Source data:
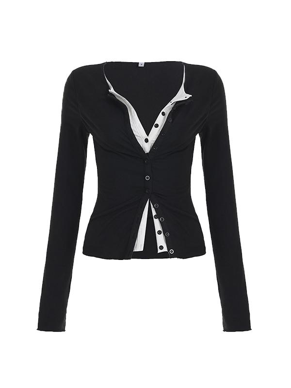 False Two-Piece Stretch Long Sleeve
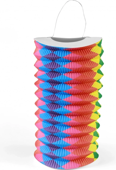 La lanterne arc-en-ciel apporte des couleurs joyeuses et une atmosphère ludique à chaque événement. Elle se distingue par ses bandes marquées dans des tons de rouge, jaune, vert et bleu, qui ressortent magnifiquement de jour comme de nuit lorsqu'elles sont éclairées. C'est un excellent accessoire pour les défilés de lanternes, les anniversaires et la décoration saisonnière.
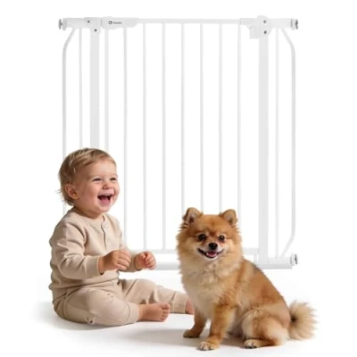 SIMPLE, DRILL-FREE INSTALLATION: Pressure fixing offers a quick, easy setup without the need for drilling or damaging walls - ideal for busy UK parents on the go. WIDE ADJUSTABLE WIDTH: Perfectly accommodates openings from 75 cm to 105 cm, ensuring a custom fit for diverse doorways, hallways, and stairways in your home. ENHANCED SAFETY DESIGN: Dual-opening for effortless movement and a self-locking mechanism for extra security - your child's safety guaranteed at all times. DURABLE, HIGH-QUALITY CONSTRUCTION: Built with premium materials, featuring a robust metal frame and reliable self-locking system for sustained performance. CHILD-SAFE HAVEN GUARANTEE: With a comfortable height of 77 cm, the LIONELO Truus Slim Safety Gate offers a secure shield, promoting your peace of mind while your toddler explores in a safe and protected environment.
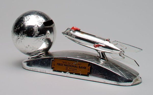 Curator: Here we have the "-Tank and Cannon- mechanical bank," dating back to around 1920, currently residing here at the Minneapolis Institute of Art. It's quite a piece of history, an assemblage primarily composed of metal. Editor: Immediately, there’s something disarmingly whimsical about it. All that cold, hard metal shaped into something that was intended to receive… spare change. And is it supposed to have some sort of action to it? Like the coin somehow makes the tank "fire?" Curator: Precisely! It's a wonderful object, really. The way the makers used industrial materials for something playful intended for the home and, probably for kids. Reflects this very specific historical moment, after the war when these machines of war, were also sort of normalized and integrated into popular culture, like with toys or money saving devices. Editor: It makes me consider childhood during the interwar period… the innocence tinged with awareness of global conflict. Curator: Absolutely. Consider how that tank is fabricated— likely by low-wage laborers—juxtapose it against the purpose. Children literally feeding into the machine, this object that simultaneously evokes saving, aspiration, and a kind of military prowess. I also think it would be interesting to think about whether children played differently with this object, understanding more, or less, than we might about its militaristic imagery, Editor: It strikes me, looking at the wear and texture, that each one of these was different – a world away from mass-produced plastic toys of today, so you think this "coin slot warfare," actually resonated in a deep way in their games, given recent realties. Curator: Interesting perspective. The artist who fabricated this bank likely engaged directly with the post-war socio-economic dynamics by producing, reproducing and giving value and accessibility to its militaristic shape. Editor: Definitely food for thought. This whimsical piece becomes rather sobering upon closer inspection. Curator: Indeed, and that intersection is key to its continuing resonance. Editor: I can't say I'll ever look at a piggy bank the same way.
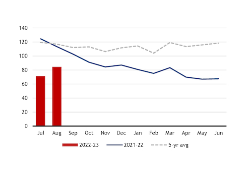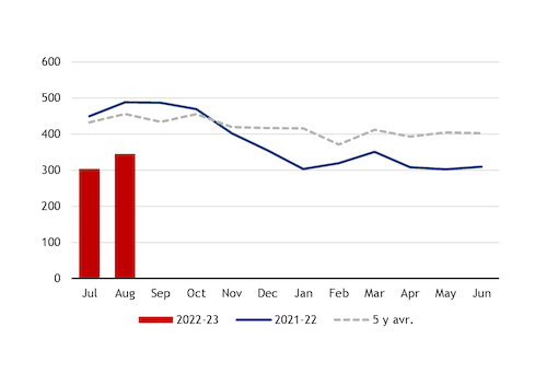But steady declines in domestic poultry and pig slaughter have offered a greater downside to feed consumption. France's monthly poultry slaughter rates stood at 110,000t in July, below the seven-year average of 137,000t, while cumulative volumes from January to July reached 846,000t, compared with an average of 963,000t for the period over 2014-21, Eurostat data show.

§ YOUR ASSIGNMENT:
Extract, word for word, each line from the top of the data down to and including the line with "La lanterne arc-en-ciel"; skip the pictures.

§ RESPONSE AREA:
 False Two-Piece Stretch Long Sleeve
 La lanterne arc-en-ciel apporte des couleurs joyeuses et une atmosphère ludique à chaque événement. Elle se distingue par ses bandes marquées dans des tons de rouge, jaune, vert et bleu, qui ressortent magnifiquement de jour comme de nuit lorsqu'elles sont éclairées. C'est un excellent accessoire pour les défilés de lanternes, les anniversaires et la décoration saisonnière.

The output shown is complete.